### WHAT THIS TASK INVOLVES
Retype the material that follows exactly, limited to the lines from the one with "Type a B O AB" through the one with "三、根据《中华人民共和国政府", and keep out all pictures.

### DATA FOR PROCESSING
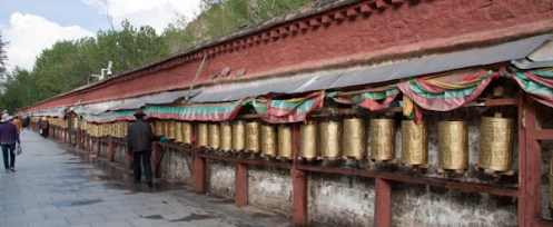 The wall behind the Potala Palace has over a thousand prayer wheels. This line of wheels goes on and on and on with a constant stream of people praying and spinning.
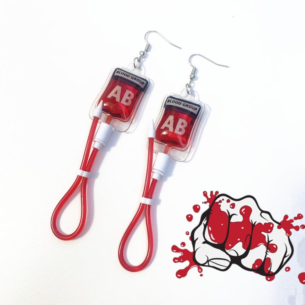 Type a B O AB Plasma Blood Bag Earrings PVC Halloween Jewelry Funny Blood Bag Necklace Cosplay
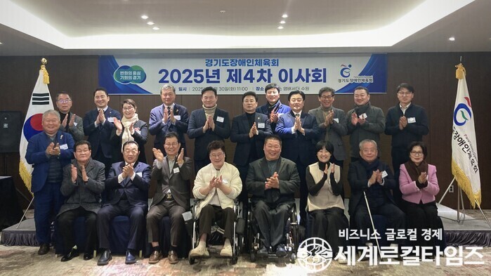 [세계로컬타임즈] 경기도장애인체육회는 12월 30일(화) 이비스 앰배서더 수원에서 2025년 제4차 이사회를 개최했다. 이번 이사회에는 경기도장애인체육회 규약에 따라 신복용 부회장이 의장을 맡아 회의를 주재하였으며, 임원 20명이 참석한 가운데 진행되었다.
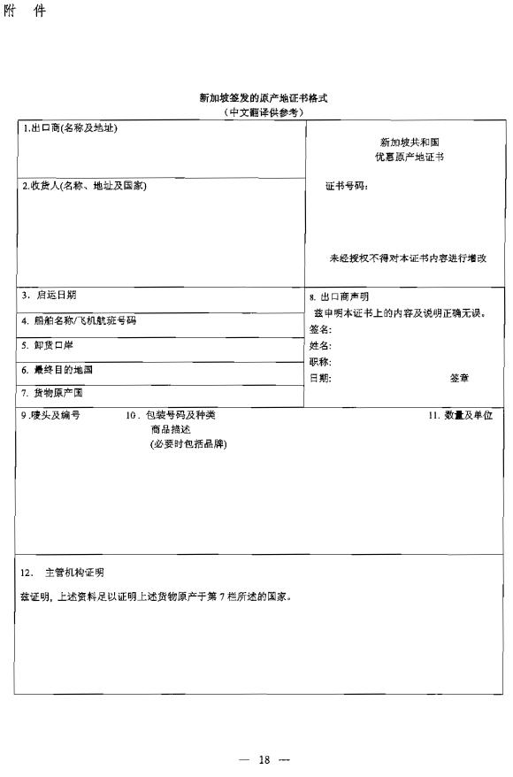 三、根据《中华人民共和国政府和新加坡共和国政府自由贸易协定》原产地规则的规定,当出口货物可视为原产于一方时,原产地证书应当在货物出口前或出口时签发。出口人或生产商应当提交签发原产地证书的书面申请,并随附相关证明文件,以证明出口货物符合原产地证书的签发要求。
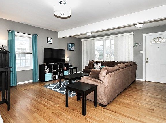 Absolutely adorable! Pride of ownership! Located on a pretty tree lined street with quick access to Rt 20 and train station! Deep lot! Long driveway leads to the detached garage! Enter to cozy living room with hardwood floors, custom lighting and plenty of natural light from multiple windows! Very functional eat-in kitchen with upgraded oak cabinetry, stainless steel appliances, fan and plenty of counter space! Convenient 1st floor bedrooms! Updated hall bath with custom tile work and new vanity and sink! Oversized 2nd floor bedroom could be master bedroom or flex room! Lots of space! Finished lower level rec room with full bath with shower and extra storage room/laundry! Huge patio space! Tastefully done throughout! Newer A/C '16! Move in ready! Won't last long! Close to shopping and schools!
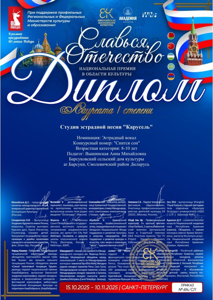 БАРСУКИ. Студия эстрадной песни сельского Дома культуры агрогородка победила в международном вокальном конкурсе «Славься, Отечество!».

### SOLUTION TO THE PROBLEM
 Type a B O AB Plasma Blood Bag Earrings PVC Halloween Jewelry Funny Blood Bag Necklace Cosplay
 [세계로컬타임즈] 경기도장애인체육회는 12월 30일(화) 이비스 앰배서더 수원에서 2025년 제4차 이사회를 개최했다. 이번 이사회에는 경기도장애인체육회 규약에 따라 신복용 부회장이 의장을 맡아 회의를 주재하였으며, 임원 20명이 참석한 가운데 진행되었다.
 三、根据《中华人民共和国政府和新加坡共和国政府自由贸易协定》原产地规则的规定,当出口货物可视为原产于一方时,原产地证书应当在货物出口前或出口时签发。出口人或生产商应当提交签发原产地证书的书面申请,并随附相关证明文件,以证明出口货物符合原产地证书的签发要求。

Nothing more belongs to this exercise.